I tried to call my STBXH because i just remembered his name is still on my bank account and last night he told me he has 20 dollars left and he doesnt get paid for another week. So now im hoping he doesnt get desperate and try to take some money out. he doesnt have a card but my friend was saying he could route money to his account. He hasnt done this yet, but soon he will be losing his job and i dont want him to get desperate and try to take any of my money. I want his name off my account, asap. I also want him to change his address, he has things sent to my house instead of his. (except the bills he has gotten down there.)

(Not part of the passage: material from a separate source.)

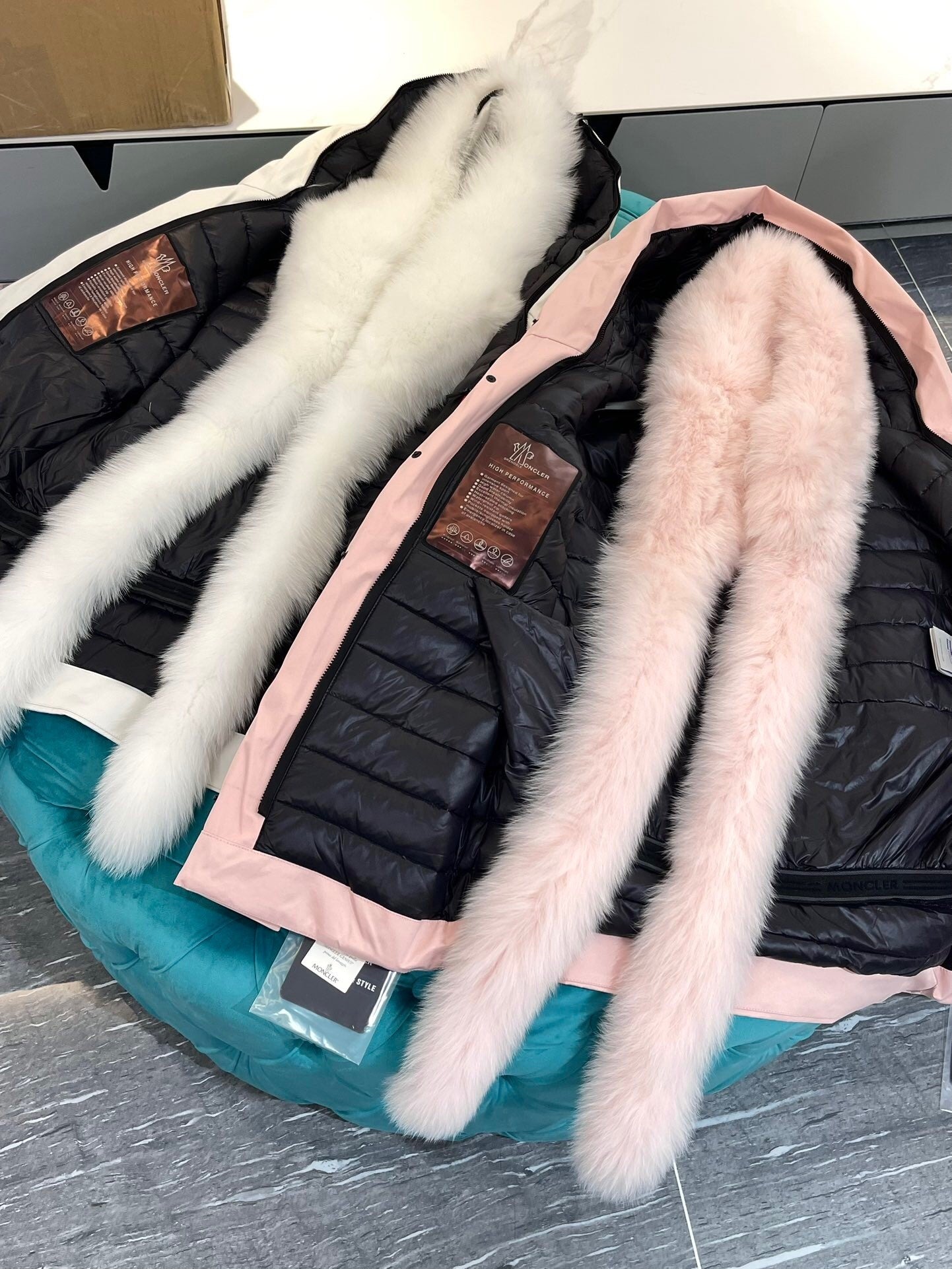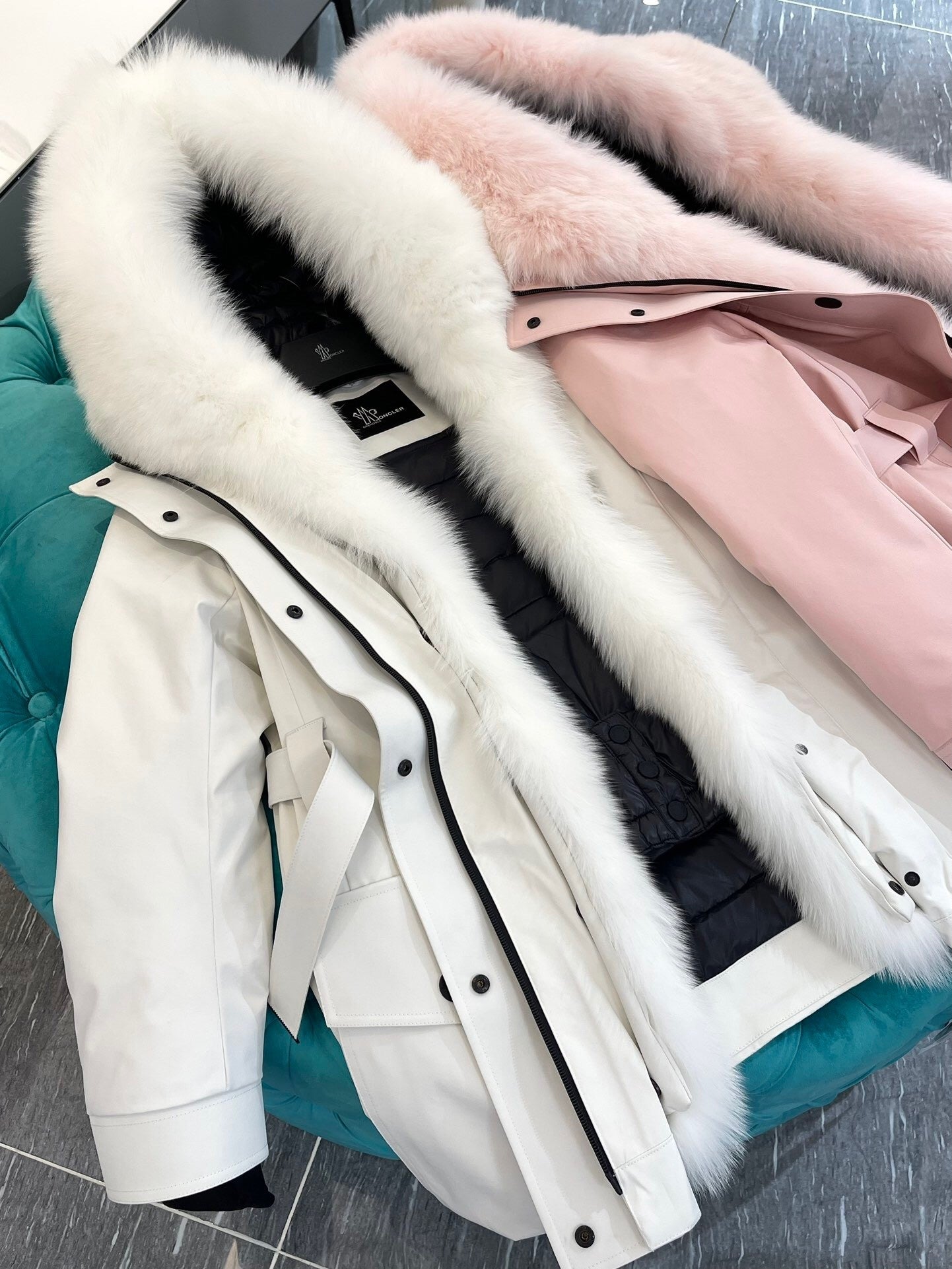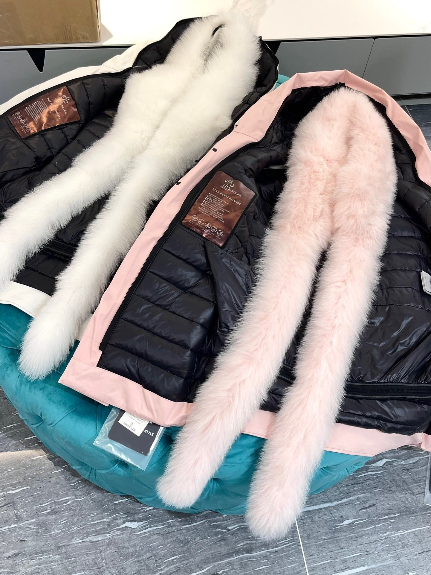 Experience unparalleled luxury with the Moncler Women's Down Ski Wear Series. Crafted from premium materials, this exclusive ski wear features a detachable fox fur collar for a customizable look.

He of course is barely speaking to me. I dont know why. Now im starting to feel panicky about when he loses his job if his names on my account and now he isnt speaking to me, so i dunno how to get him to take it off.


----------



## unsure78 (Oct 17, 2011)

go to the bank tommrow close out the joint acct. and open a new one in your name only- thats what i did
_Posted via Mobile Device_


----------



## Cosmos (May 4, 2012)

If it's your bank account, can you not go to your bank and have his name taken off the account yourself? If they are your funds, can you not just open a new account and transfer the funds into it?


----------



## MyselfAgain (Apr 21, 2012)

Open a new account and move the money. Then close the first account. Go into the bank and they can do this while you sit there. I did this but my stbxh knew my online login, guessed my new password (could kill myself for not using something tougher) and removed a ton of money. Has yet to return half. Please don't make my mistake!
_Posted via Mobile Device_


----------



## InTheBedIMade (May 20, 2012)

I feel like your looking for a reason to hear his voice. I'm at the same stage in my separation. Let's post on forums instead, ok? 
Oh, and close the account.
_Posted via Mobile Device_


----------